A continuing free trade relationship will readily be agreed, but the UK will want safeguards against non-tariff barriers to its exports to Europe. At present, any foul play is refereed by the European Commission and the UK will doubtless seek assurances of an effective successor arrangement.
A contentious issue will be the free movement of capital and the oversight of the financial markets, important to the long-term prosperity of the city of London, the capital of European finance. Competing financial centres, including Paris and Frankfurt, have failed to divert business away from London despite Britain's non-membership of the eurozone and there has long been resentment of London's pre-eminence.
Immigration has become an election issue in several countries and the free movement of labour will also prove to be contentious. UK business will wish to retain an open door, and UK citizens to retain access without work permits if they plan a spell on the continent. This is a particularly difficult issue for Ireland, since the two islands have always functioned as a common labour market. If Britain leaves the EU but Ireland chooses to remain inside, the Ireland/UK common labour market could be a casualty.
Most of the continental European countries are joined in a common travel zone, called the Schengen area. Twenty-two of the EU's 28 members adhere to the Schengen agreement, which permits passport-free travel without border checks of any kind. Four of the six non-members will join in due course, which leaves just two with negotiated opt-outs.

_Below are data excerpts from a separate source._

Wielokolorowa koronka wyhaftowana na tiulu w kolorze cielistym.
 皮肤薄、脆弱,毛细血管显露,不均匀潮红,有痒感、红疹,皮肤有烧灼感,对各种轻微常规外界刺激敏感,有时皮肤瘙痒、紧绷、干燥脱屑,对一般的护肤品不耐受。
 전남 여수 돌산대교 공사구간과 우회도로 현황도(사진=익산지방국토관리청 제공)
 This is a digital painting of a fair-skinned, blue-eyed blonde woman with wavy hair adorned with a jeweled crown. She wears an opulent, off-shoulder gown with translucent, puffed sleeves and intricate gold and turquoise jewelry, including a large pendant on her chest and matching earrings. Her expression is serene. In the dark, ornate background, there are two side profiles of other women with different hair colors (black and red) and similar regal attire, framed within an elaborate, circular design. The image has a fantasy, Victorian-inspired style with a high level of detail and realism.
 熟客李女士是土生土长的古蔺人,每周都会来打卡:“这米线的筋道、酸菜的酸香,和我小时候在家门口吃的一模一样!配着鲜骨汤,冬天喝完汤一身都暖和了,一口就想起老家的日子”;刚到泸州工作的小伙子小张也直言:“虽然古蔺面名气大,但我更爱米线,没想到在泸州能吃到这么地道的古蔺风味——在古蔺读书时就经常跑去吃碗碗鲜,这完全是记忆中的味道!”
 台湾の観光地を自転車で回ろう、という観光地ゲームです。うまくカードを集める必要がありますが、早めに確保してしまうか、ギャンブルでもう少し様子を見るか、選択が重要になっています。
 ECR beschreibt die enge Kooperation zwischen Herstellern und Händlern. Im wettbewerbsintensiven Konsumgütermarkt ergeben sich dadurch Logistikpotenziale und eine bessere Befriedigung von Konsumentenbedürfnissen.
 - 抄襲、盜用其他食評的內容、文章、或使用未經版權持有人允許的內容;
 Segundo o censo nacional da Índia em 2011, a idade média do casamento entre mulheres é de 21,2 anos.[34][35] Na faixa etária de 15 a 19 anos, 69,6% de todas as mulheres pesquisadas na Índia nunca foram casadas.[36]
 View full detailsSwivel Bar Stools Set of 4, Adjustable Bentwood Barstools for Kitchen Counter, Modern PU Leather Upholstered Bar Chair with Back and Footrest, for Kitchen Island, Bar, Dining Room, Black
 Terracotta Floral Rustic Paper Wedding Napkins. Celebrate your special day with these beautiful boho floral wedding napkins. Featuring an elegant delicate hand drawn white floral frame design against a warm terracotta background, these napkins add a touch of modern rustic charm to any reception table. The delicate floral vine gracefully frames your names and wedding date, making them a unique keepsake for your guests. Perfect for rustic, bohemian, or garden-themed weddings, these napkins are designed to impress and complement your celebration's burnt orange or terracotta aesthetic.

These happen to be Ireland and the United Kingdom, which have operated their own common travel area without passports or border checks since the foundation of the Irish state in 1921. It would be disruptive if this arrangement did not survive a UK exit from the EU.

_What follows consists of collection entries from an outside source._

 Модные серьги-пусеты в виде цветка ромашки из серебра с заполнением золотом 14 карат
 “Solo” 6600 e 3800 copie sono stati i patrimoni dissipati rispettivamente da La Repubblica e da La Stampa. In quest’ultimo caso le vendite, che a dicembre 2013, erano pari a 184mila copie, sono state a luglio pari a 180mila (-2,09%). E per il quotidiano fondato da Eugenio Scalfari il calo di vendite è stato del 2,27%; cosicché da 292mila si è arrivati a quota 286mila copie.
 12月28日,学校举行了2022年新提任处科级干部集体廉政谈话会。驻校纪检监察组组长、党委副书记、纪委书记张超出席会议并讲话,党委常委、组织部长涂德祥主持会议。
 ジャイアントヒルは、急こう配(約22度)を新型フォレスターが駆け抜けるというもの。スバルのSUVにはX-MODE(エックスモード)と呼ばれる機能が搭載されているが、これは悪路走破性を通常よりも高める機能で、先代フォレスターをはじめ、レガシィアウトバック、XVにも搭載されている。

A British exit could have particularly troublesome consequences for Irish agriculture and the food industry since the UK would cease to be governed by the rules of the Common Agricultural Policy. It would no longer enforce import quotas and a common external tariff against non-EU producers. Britain has never been keen on these policies, and opposition to the Cap is one of the motive forces behind the push to depart the EU. This could see a return of the traditional cheap food policy in Irish agriculture's biggest export market.
The EU has discouraged the spread of genetically modified food products and there are import restrictions. UK farmers would seek to relax the rules should the UK exit the union, which could result in greater competition from North American producers in Ireland's key UK markets.
If the UK does eventually depart the EU it will become a very different, and quite likely less attractive, economic and political construct from Ireland's standpoint. Just three large countries would remain, two of which, France and Italy, have seen their influence decline in recent years. The dominance of Germany will become more pronounced and there are fears that 'ever closer union' will, in practice, take the form of a Bundesrepublik Europa.
Friday's events in Brussels mean that the odds have shortened on British exit. It is no longer adequate for the Irish political system to offer up novenas that no referendum will be held or that it will be defeated on the day. Sometimes your prayers get ignored and it is time to start some serious contingency planning.